[TASK DESCRIPTION] Copy nothing but the lines below, from the one with "Este es el divertido" through the one with "Sometimes when researching", exactly as written; no pictures should appear.

[SUPPLIED RECORDS]
★ ★ ★ ★

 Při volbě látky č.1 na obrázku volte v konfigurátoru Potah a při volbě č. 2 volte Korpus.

★ ★ ★ ★

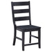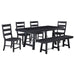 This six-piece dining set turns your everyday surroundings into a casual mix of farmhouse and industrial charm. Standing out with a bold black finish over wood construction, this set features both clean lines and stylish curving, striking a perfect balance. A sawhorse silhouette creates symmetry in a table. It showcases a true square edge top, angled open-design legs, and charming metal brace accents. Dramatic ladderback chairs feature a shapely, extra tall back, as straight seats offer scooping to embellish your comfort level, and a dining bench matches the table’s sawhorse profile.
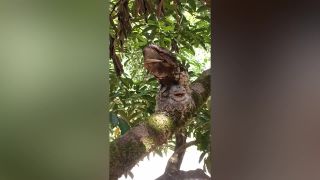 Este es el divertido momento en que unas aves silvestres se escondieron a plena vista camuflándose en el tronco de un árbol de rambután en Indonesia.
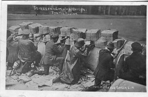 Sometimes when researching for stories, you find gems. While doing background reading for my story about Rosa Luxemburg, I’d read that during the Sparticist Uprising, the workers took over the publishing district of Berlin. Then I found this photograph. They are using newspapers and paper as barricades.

★ ★ ★ ★

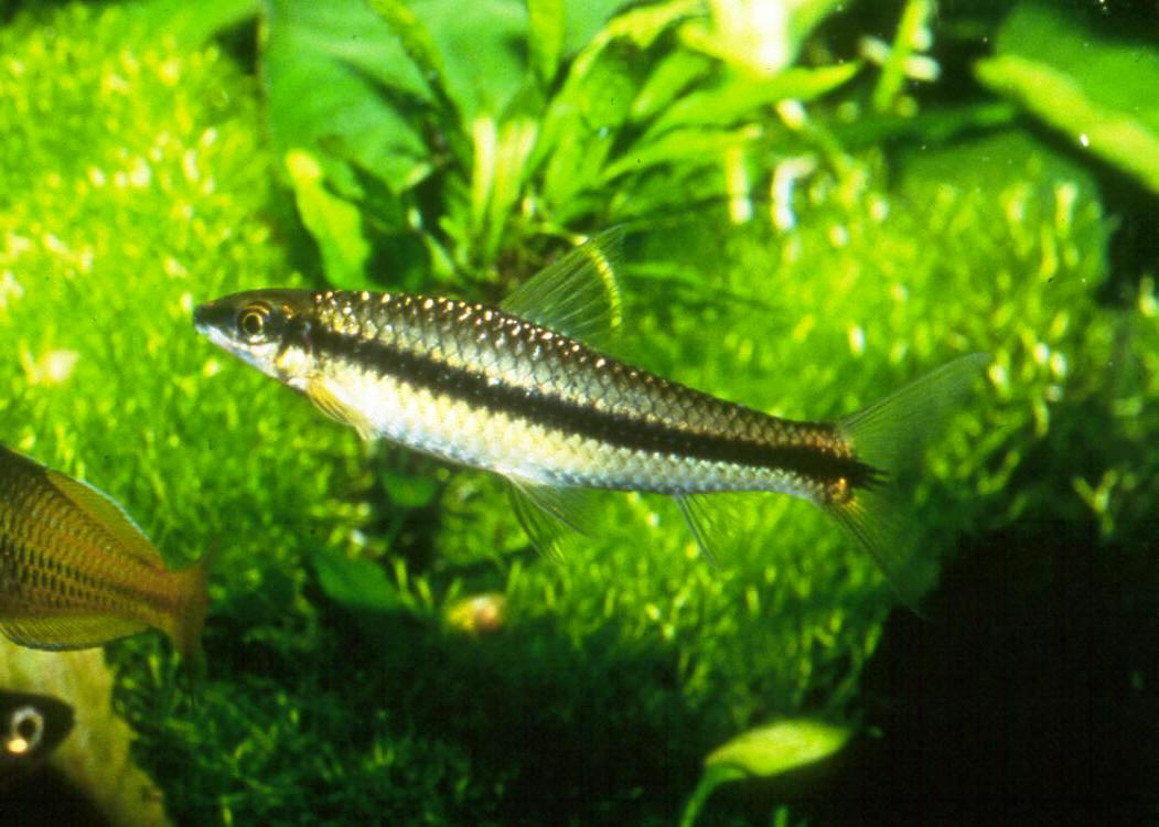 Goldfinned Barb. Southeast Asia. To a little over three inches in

★ ★ ★ ★

[TASK ANSWER]
 Este es el divertido momento en que unas aves silvestres se escondieron a plena vista camuflándose en el tronco de un árbol de rambután en Indonesia.
 Sometimes when researching for stories, you find gems. While doing background reading for my story about Rosa Luxemburg, I’d read that during the Sparticist Uprising, the workers took over the publishing district of Berlin. Then I found this photograph. They are using newspapers and paper as barricades.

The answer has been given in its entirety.